What other compile flags are required to support double precision math?
Here is a simple example (loop of 50 multiplications) where the precision between a calculation performed on the Linux (ubuntu 10.04) host is different than the precision of the CUDA test kernel I wrote.
Thanks so much for the help!
double a = 1.112321232123212223432;
double b = 1.234323334323343234323;
double c = 1.0;
// Host Calculation
for(int i=0; i<50; ++i) c *= (a * b);
// CUDA Calculation global void multiplyLoop(double a, double b, double* c)
{
if(threadIdx.x==0 && blockIdx.x==0)
{
*c = 1.0;
for(int i=0; i<50; ++i) *c *= (a * b);
}
}
You seem to be assuming that because the results don’t agree to whatever arbitrary tolerance you have chosen, the GPU must be using single precision arithmetic. I would hazard a guess that your assumption is incorrect – the compilation arguments you are using will generate double precision code on the GPU. The only way to determine the relative accuracy of a pair of double precision results is to compare them to a result made with more bits of precision (128 bit floating point, for example). You might be surprised at the results.

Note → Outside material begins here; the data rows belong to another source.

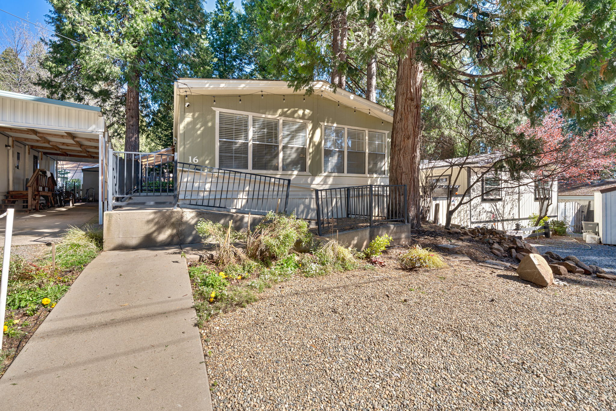 Opportunity awaits in the heart of Camino! Located in a desirable 55+ Senior Park, this double-wide fixer-upper offers 2 bedrooms, 2 full bathrooms, plus a versatile flex space that could easily serve as a 3rd bedroom, home office or hobby room. With a little vision and elbow grease, this property has the potential to truly shine. Enjoy year-round comfort with Central Heat and A/C, along with the added peace of mind and convenience that the hard-wired Generac system provides. An accessible ramp makes for easy entry and the large storage shed offers plenty of space for tools and other personal belongings. There's also ample parking for you and your guests. The monthly space rent is $745 which includes Sewer and Park Maintenance, helping simplify your living expenses. Ideally located just minutes from the orchards, wineries and seasonal festivities of Apple Hill®; this home offers the best of mountain-town living. Enjoy close proximity to local restaurants, shopping, convenient Hwy 50 access and abundant outdoor recreation opportunities; including hiking, biking and nearby lakes/forests. If you've been searching for an affordable opportunity in a fantastic location with room to make it your own, this could be the one.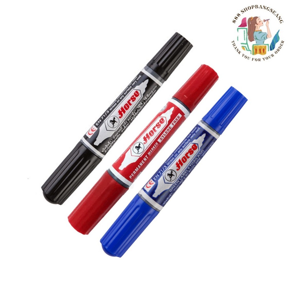 (1 ด้าม) ปากกาเคมี 2 หัว ตราม้า Horse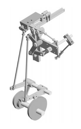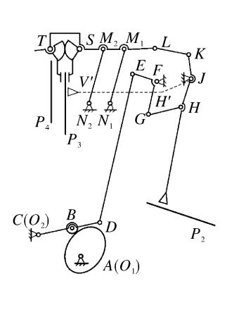 给袋式包装机的二次上袋机构是供袋部件的关键机构,真空吸盘 V 安装在摇杆 HJ 末端,夹持器的驱动齿轮安装在平动杆 M1M2 上,如图 5 所示,其性能直接影响包装机的包装速度与包装精度。分配轴上的主动凸轮 A 连续回转,驱动摇杆JHV 摆动到JHV位置,真空吸盘 V吸取包装袋,从 P2 位置移动到 P3 位置;夹持器夹取包装袋,将包装袋从 P3 位置平移到 P4 位置;工序盘钳手夹持包装袋,间歇移送到下一个包装工位。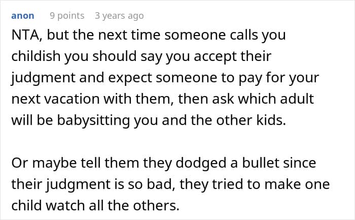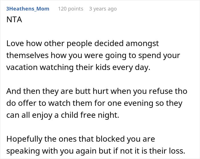 Right before the vacation, the OP discovered that some family members had decided she was the designated babysitter. The plan? They’d dump the kids on her every morning, disappear for “grown-up fun,” and reappear right before dinner, looking suspiciously well-rested.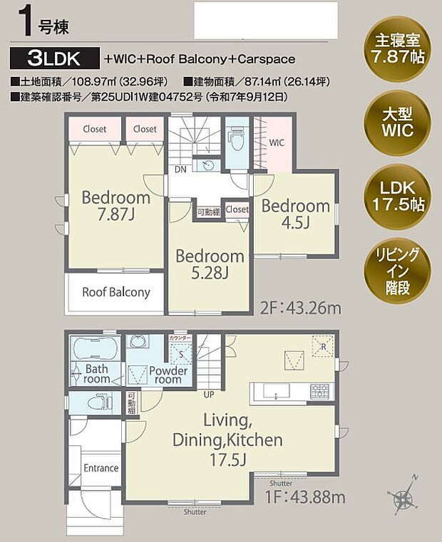 | 間取り | 3LDK 間取り内訳:リビングダイニングキッチン 17.5帖(1階)・洋室 4.5帖(2階)・洋室 5.2帖(2階)・洋室 7.8帖(2階) |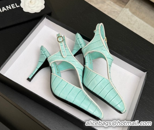 Luxury Chanel Crocodile Embossed Patent Calfskin Leather Slingbacks Pump G47184 Green 2026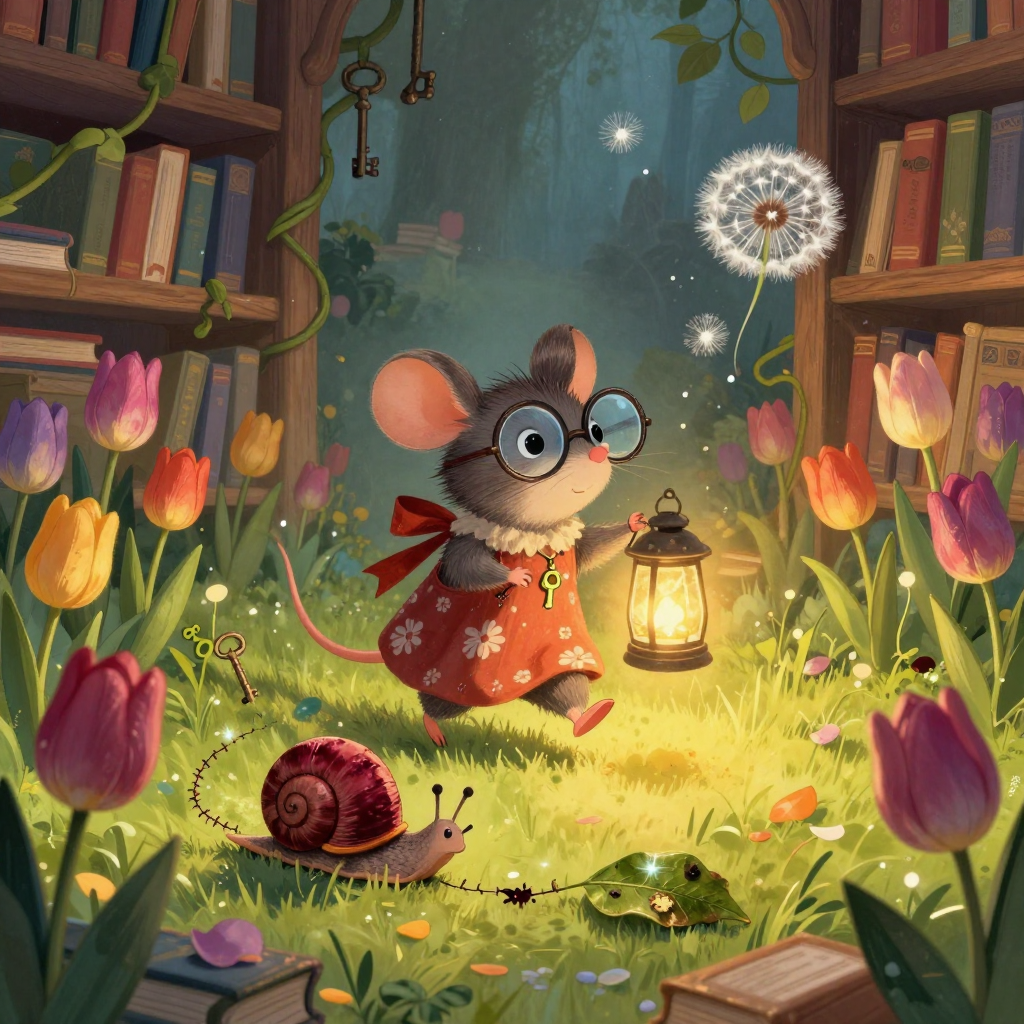 Discover Garden in this enchanting page from Mira's A-Z adventure. Mira tiptoes through a glowing book-garden where page-petals bloom and velvet snails paint trails of shimmering ink. Perfect for young readers ages 3-8.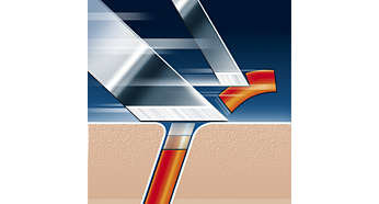 Technologia Super Lift & Cut z systemem podwójnych ostrzy System podwójnych ostrzy golarki firmy Philips: pierwsze ostrze unosi zarost, a drugie przycina go blisko skóry. |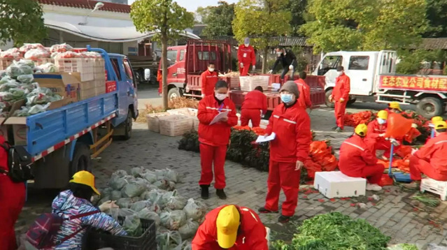 朱文浩和志愿者们一起装卸菜品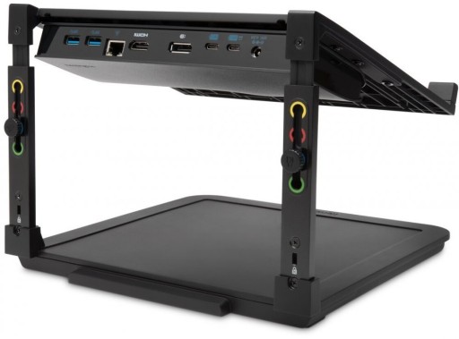- Umożliwia zamontowanie zgodnej uniwersalnej stacji dokującej Kensington pod platformą, co doskonale sprawdza się na biurkach o ograniczonej ilości miejsca.

Is there some set of nvcc flags I can use that will mimic a Linux host performing a double precision math operation? I assume my linux host is using the IEEE double precision floating point format (exponent and fraction bits, rounding, etc).
I think my question comes down to - why are calculations different, and what can I do to make them the same?
The assumption that “my linux host is using the IEEE double precision floating point format” actually may not apply. On 32-bit x86 Linux systems in particular, floating-point computations are typically performed via the x87 FPU, with the precision control set to extended precision. This means that all in-register computation uses a higher precision than double precision (64 vs 53 mantissa bits). Since the code here is very simple, it is likely that all intermediate results are kept in extended precision in that case.